Housing minister Esther McVey has announced plans to “bring about a digital revolution in the property sector” by opening up local data to UK proptech firms.

The Conservative MP for Tatton yesterday pledged to open up Compulsory Purchase Order (CPO) data including energy performance certificates and square footage information on properties and introduce a national index of all brownfield data to help developers to find brownfield land to build on.

McVey claimed that the data would offer enormous benefits to both homebuyers and the property sector.

“Whatever homebuyers prioritise, whether it’s the quality of local schools, the probability of getting a seat on a train, or having easy access to leisure facilities, this technology could transform the way we find and purchase homes,” she said.

“And new technology will link builders to brownfield sites more easily, enhance how developers engage with local communities, help builders deliver new homes and modernise the way we buy and sell land and houses, cutting the time it takes to get housing from the drawing board to families getting the keys.”
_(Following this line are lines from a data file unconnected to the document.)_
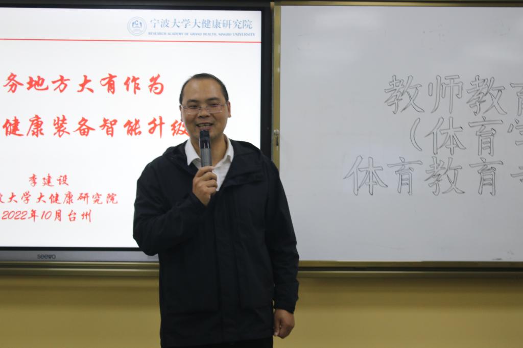 10月27日,教师教育公司邀请宁波大学教授、博士生导师李建设作《体育服务地方大有作为,助力运动健康装备智能升级》学术讲座。教师教育公司副经理林辉杰主持讲座,创业公司经理周瑶和体育教育专业部分师生参加了本次学术交流。
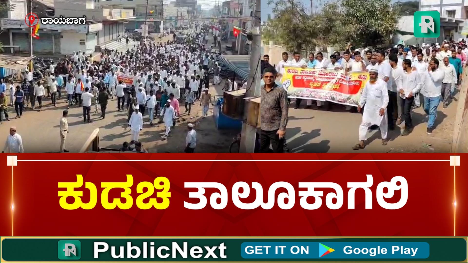 ರಾಯಬಾಗ: ಕುಡಚಿ ಪಟ್ಟಣವನ್ನು ತಾಲೂಕು ಕೇಂದ್ರವನ್ನಾಗಿ ಘೋಷಿಸುವಂತೆ ಆಗ್ರಹಿಸಿ ಕುಡಚಿಯಲ್ಲಿ ಬೃಹತ್ ಪ್ರತಿಭಟನೆ ನಡೆಸಲಾಯಿತು.
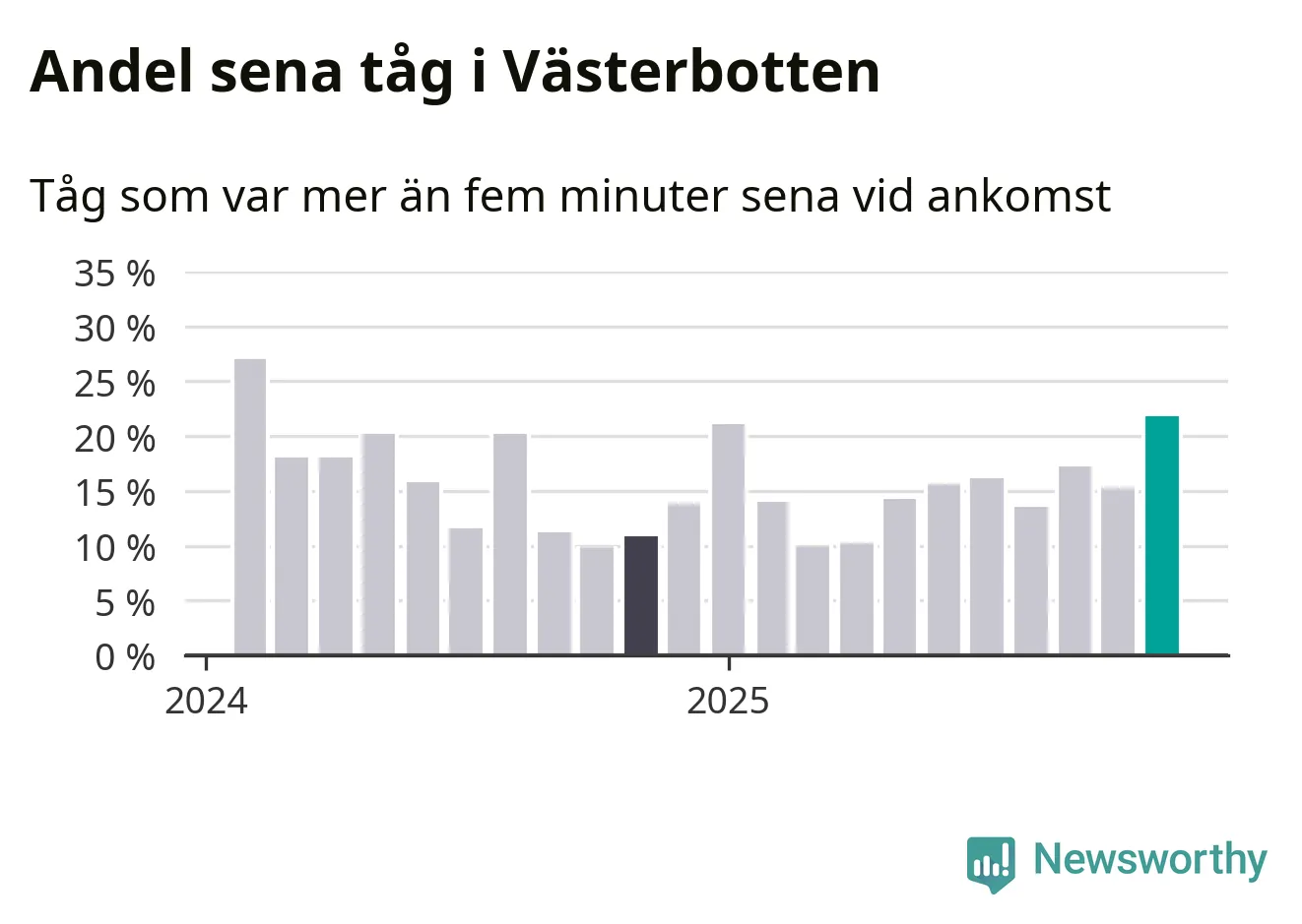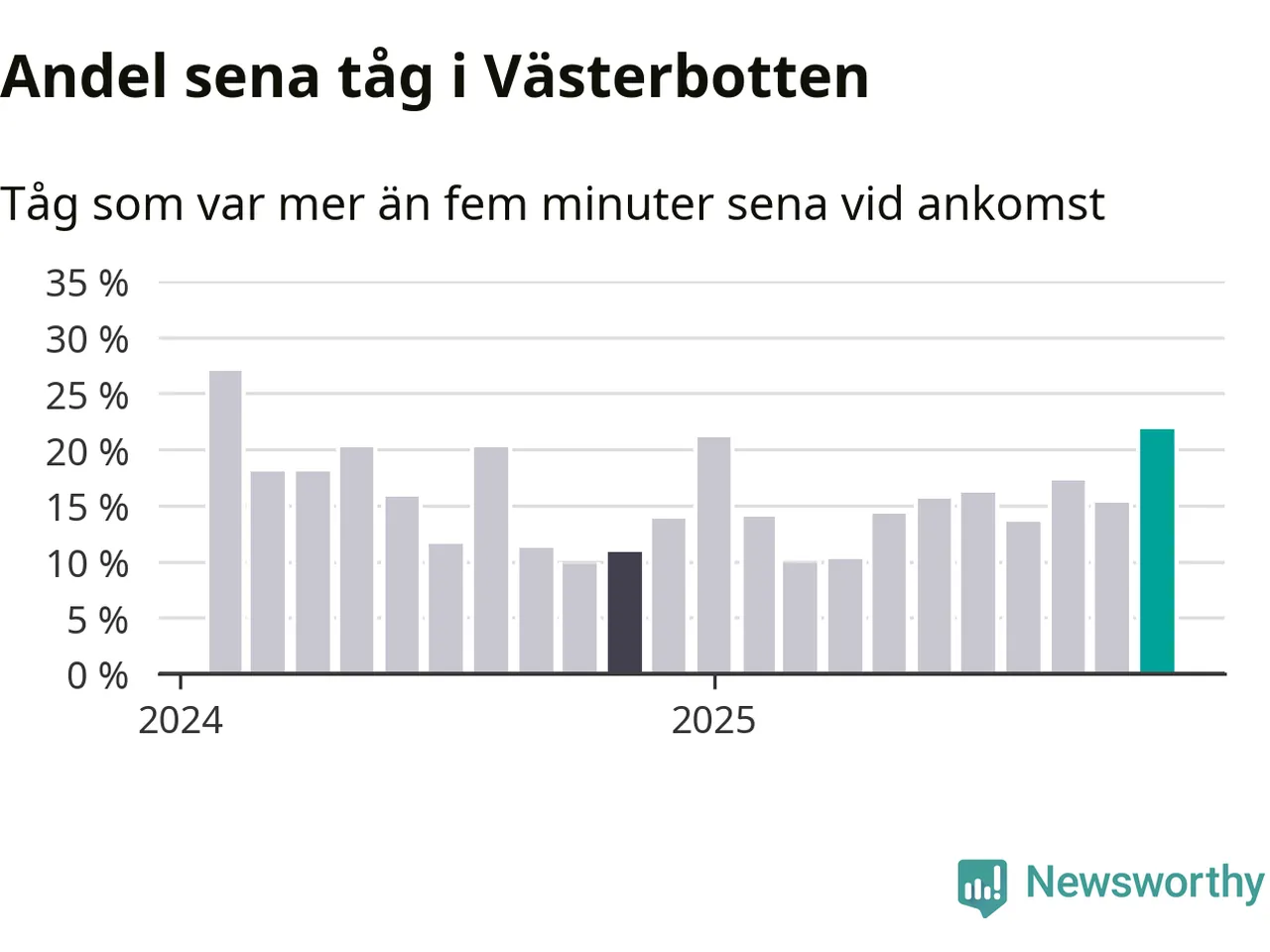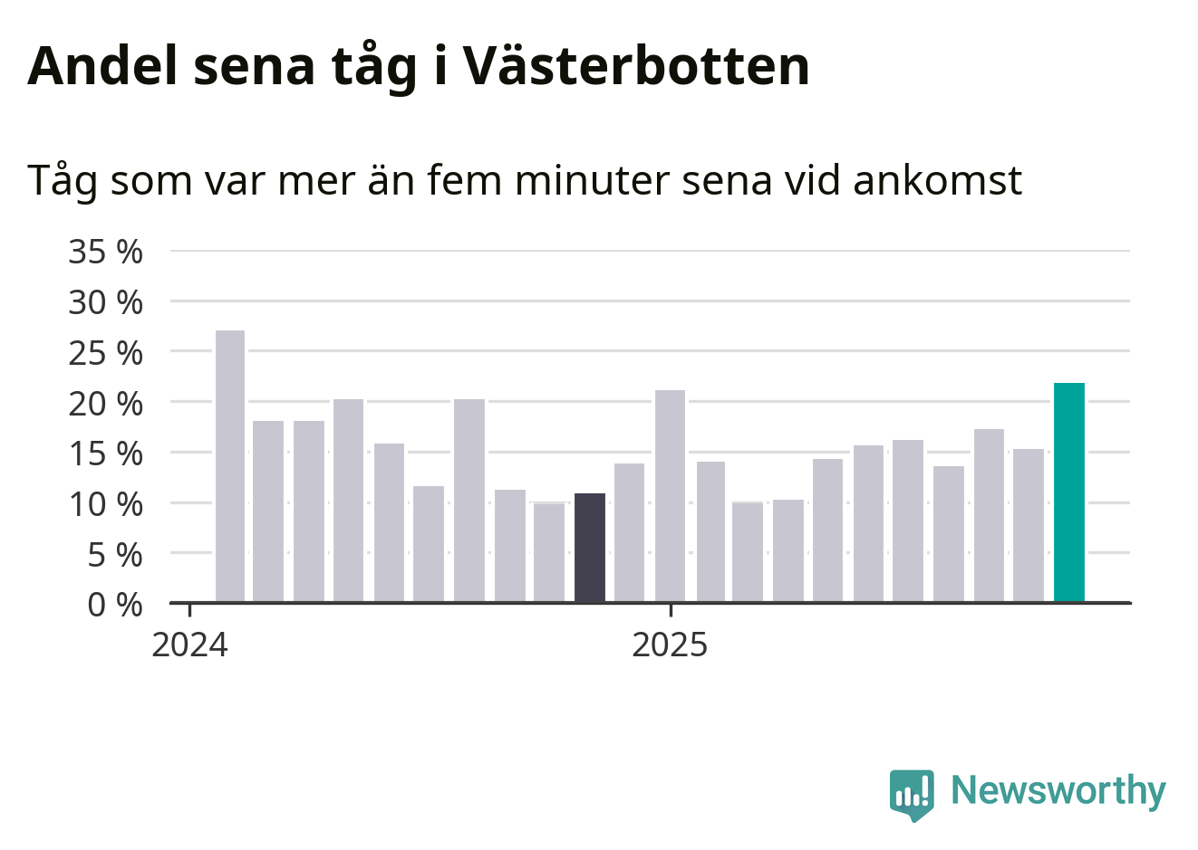 Av drygt 1 600 tåg som passerade någon av stationerna i Västerbottens län i november var 356 mer än fem minuter sena. Det motsvarar 22 procent, en bra bit över den nationella målsättningen som säger att inte mer än fem procent av tågen ska vara sena.

A press release from the Ministry of Housing, Communities & Local Government suggested that the plans could give communities models and interactive maps of planned developments and allow them to comment on planning applications online, on phones and on the go. They could also allow prospective home buyers to use commute time calculators when they are looking at properties, explore financing options, and receive step-by-step assistance on the buying process.
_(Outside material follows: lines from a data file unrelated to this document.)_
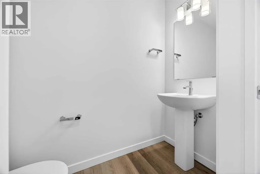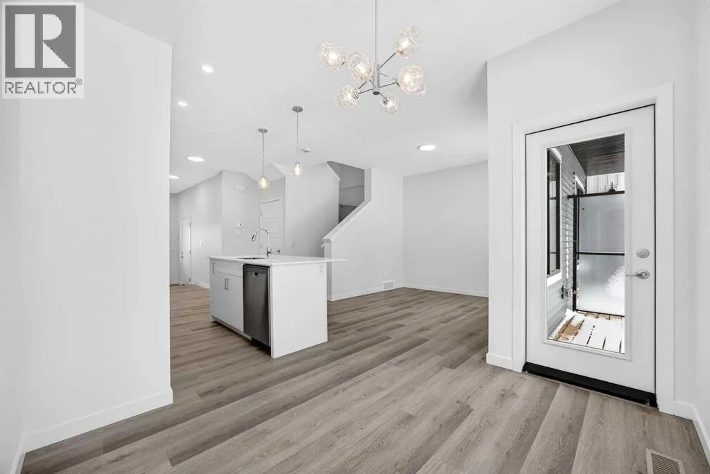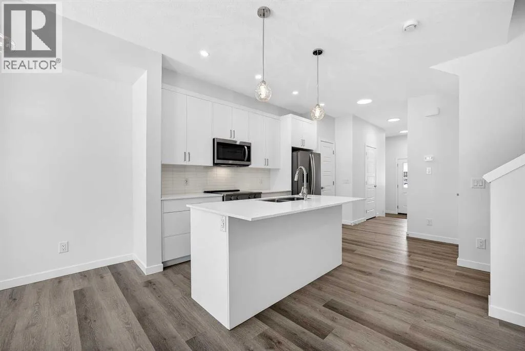 balance of natural surroundings and city connectivity. Proximity to Sirocco Golf Club further enhances the open, green feel of this growing community.This fully finished two-storey townhome offers exceptional flexibility with four bedrooms and four bathrooms across three levels of developed living space. The main floor features a bright open-concept layout connecting the kitchen, dining area, and living room, creating a comfortable space for both everyday living and entertaining. The kitchen is beautifully finished with modern slab-style cabinetry featuring 42” upper cabinets, a full bank of drawers, soft-close doors, polished white quartz countertops, tile backsplash, stainless steel Whirlpool appliances, and a polished chrome Moen high-arc faucet with pull-down sprayer. Luxury vinyl plank flooring runs throughout the main living areas, bathrooms, and laundry room, while contemporary lighting selected by professional designers completes the modern interior.Upstairs, you’ll find three bedrooms including a spacious primary suite with a private full ensuite. An additional full bathroom and the convenience of upper-floor laundry enhance the functionality of the upper level.The fully finished lower level expands the home’s versatility with a fourth bedroom, full bathroom, and family room — ideal for guests, teenagers, a home office, or additional living space.Additional features include a single attached garage with opener, high-efficiency gas furnace, digital thermostat, 50-gallon electric hot water tank, energy-efficient dual-pane windows with low-E coa ting, sound attenuation system for increased privacy between units, and a natural gas BBQ line on the patio or balcony. Durable exterior cladding with vinyl siding and fibre cement panels, along with lifetime limited warranty roof shingles, ensures long-term performance and curb appeal.Offering modern construction, thoughtful design, and a location centered around green space and lifestyle, this home represents an outstanding opportunity to own a brand-new property in one of Calgary’s emerging south communities. (id:62650)
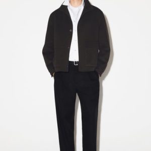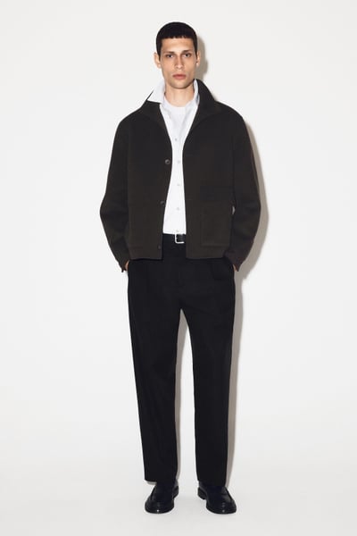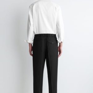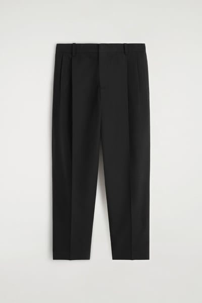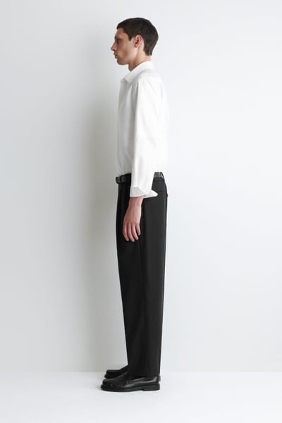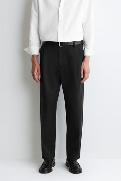 COTTON-TWILL STRAIGHT-LEG PLEATED PANTS
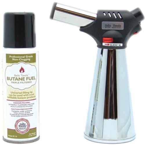 WALL LENK-Bella Tavola: Kitchen Torch with Butane Fuel. This refillable kitchen torch features an adjustable flame control; automatic ignition; a 2400-degree Fahrenheit high output flame; a continuous-use lock; a child-resistant safety lever; and a non-tip wide base. Overall measurements are 5-3/4x4 inches. This package contains one kitchen torch and 1.5 ounces of butane. WARNING- EXTREMELY FLAMMABLE-CONTENTS UNDER PRESSURE-Do not use near fire; open flame; or combustible materials. Imported. Read more...

Developers, meanwhile, could be enabled to identify sites so that more houses are built more quickly quickly locate suitable brownfield sites suitable for development.

Sector response

The government estimates that the proptech sector is potentially worth £6 billion in the UK and already receives 10 percent of global proptech investment.

These plans could help it further grow by giving startups and SMEs that lack resources access to tools that can analyse multiple datasets.

Representatives of the property sector were cautiously optimistic about the plans.

Michael Stone, founder and CEO of new home specialists Stone Real Estate, argued that the digital strategy would only reach its potential if the government added easier access to public land.

“Any initiative to open up land supply and provide greater transparency within the house building process should be welcomed,” Stone said in a statement.

“After all, we’re building 200,000 new homes a year nationally while the reality is that we need to deliver 300,000, so that’s some deficit that needs to be addressed. However, whilst the Housing Minister’s announcements today on promoting digitisation and better brownfield site identification will be welcomed, perhaps they should go a step further and start mandating that public land is also utilised more readily.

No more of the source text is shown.